[RECORDED INFORMATION]

━━━━━━━━━━━━━━━━━━━━

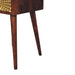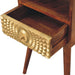 - Eden Mini Nightstand - This Eden Mini Nightstand is made of solid mango wood, with a chestnut finish structure. It has 1 drawer and 1 open shelf for convenient storage space and ample space on top to display a photo frame, candle or lamp. Additionally, the exquisite craftsmanship and beautiful gold brass sheet provide a beautiful carved pattern on the drawer front making this an all-round eye-catching piece of furniture in your bedroom
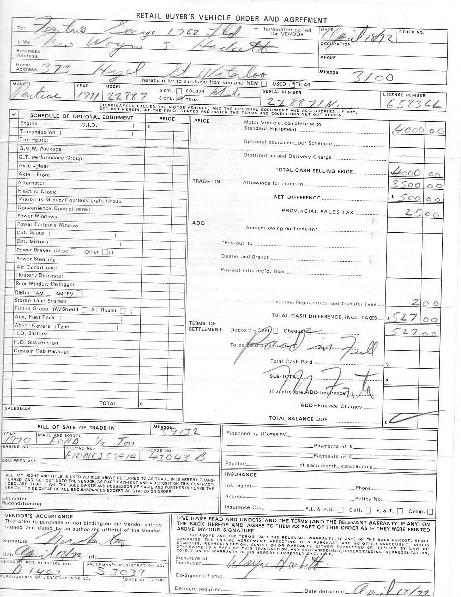 In approximately April 1972, Wayne Hackett of Waterloo, Ontario was looking to buy a car. Wayne liked the new Corvettes, but with young kids, he needed a car with a rear seat. Wayne had a friend who worked at Forbes Motors, the local Pontiac dealer in Waterloo, so Wayne went there to see about buying a new Trans Am. Wayne wanted a four speed car, but the salesperson told him they were hard to get and it would take between eight to ten weeks to get one. Wayne did not want to wait, so he left without buying a car.
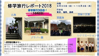 修学旅行最終日の4日目は、平和学習のため長崎平和公園に行きました。ガイドさんの案内や長崎平和資料館の資料で原爆の恐ろしさや平和の大切さなどを学びました。その後、長崎歴史文化博物館に行き、長崎の歴史に関する展示品を見て、長崎の歴史や風土に触れることができました。
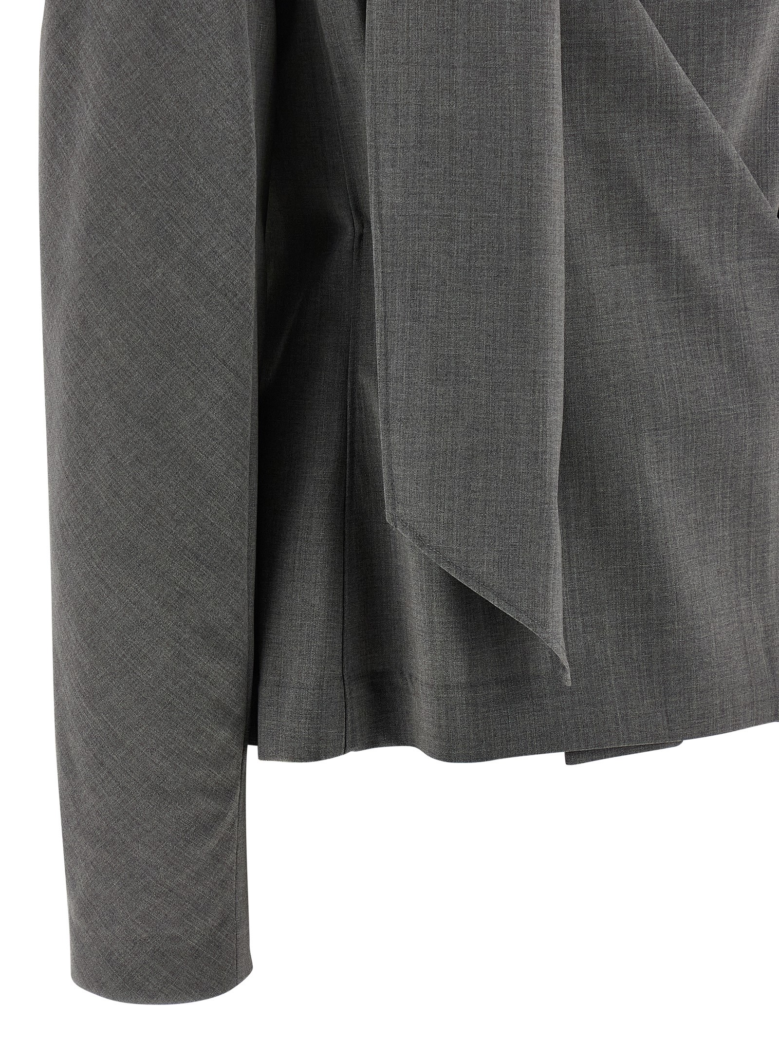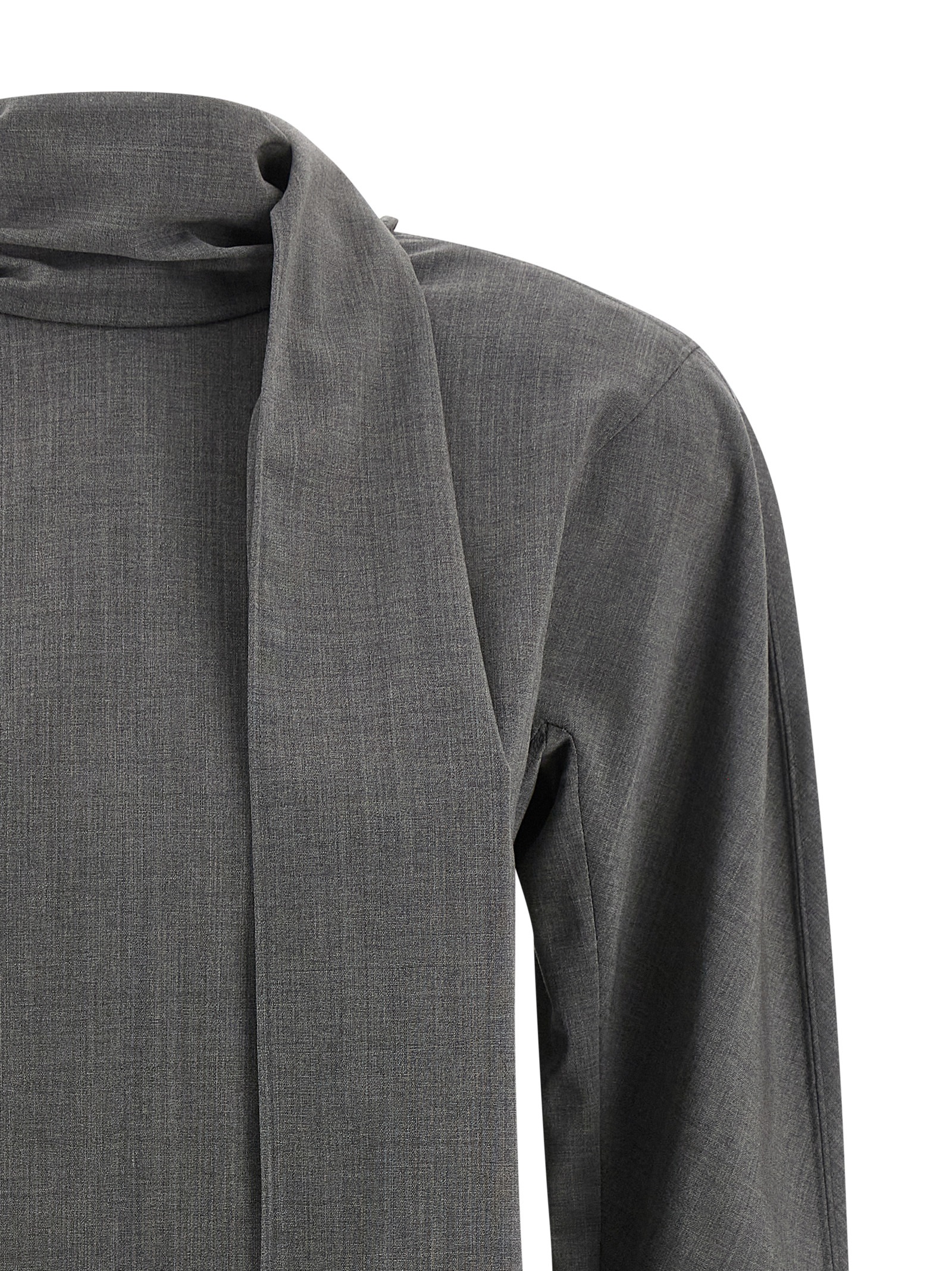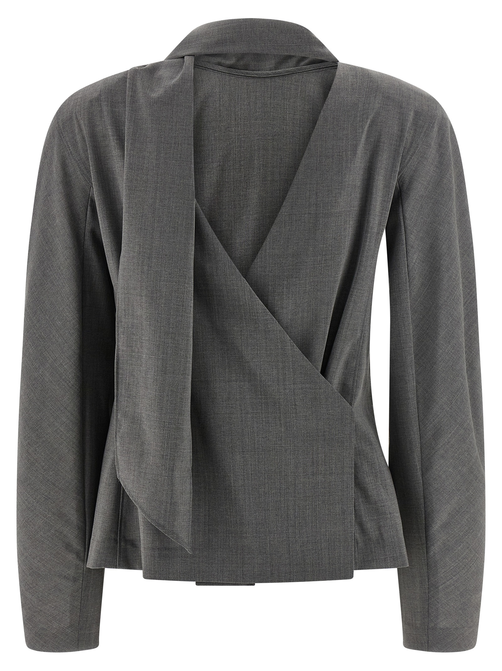 ‘La blouse Chale’ wool blend shirt with V-neck and crossover closure with drawstring and automatic, long sleeves with padded shoulders

━━━━━━━━━━━━━━━━━━━━

[EXERCISE DIRECTIONS] Copy exactly the lines from the line holding "修学旅行最終日の4日目は、平" to the final line of the listing, and leave the pictures out.

[RESULT OF THE EXERCISE]
 修学旅行最終日の4日目は、平和学習のため長崎平和公園に行きました。ガイドさんの案内や長崎平和資料館の資料で原爆の恐ろしさや平和の大切さなどを学びました。その後、長崎歴史文化博物館に行き、長崎の歴史に関する展示品を見て、長崎の歴史や風土に触れることができました。
 ‘La blouse Chale’ wool blend shirt with V-neck and crossover closure with drawstring and automatic, long sleeves with padded shoulders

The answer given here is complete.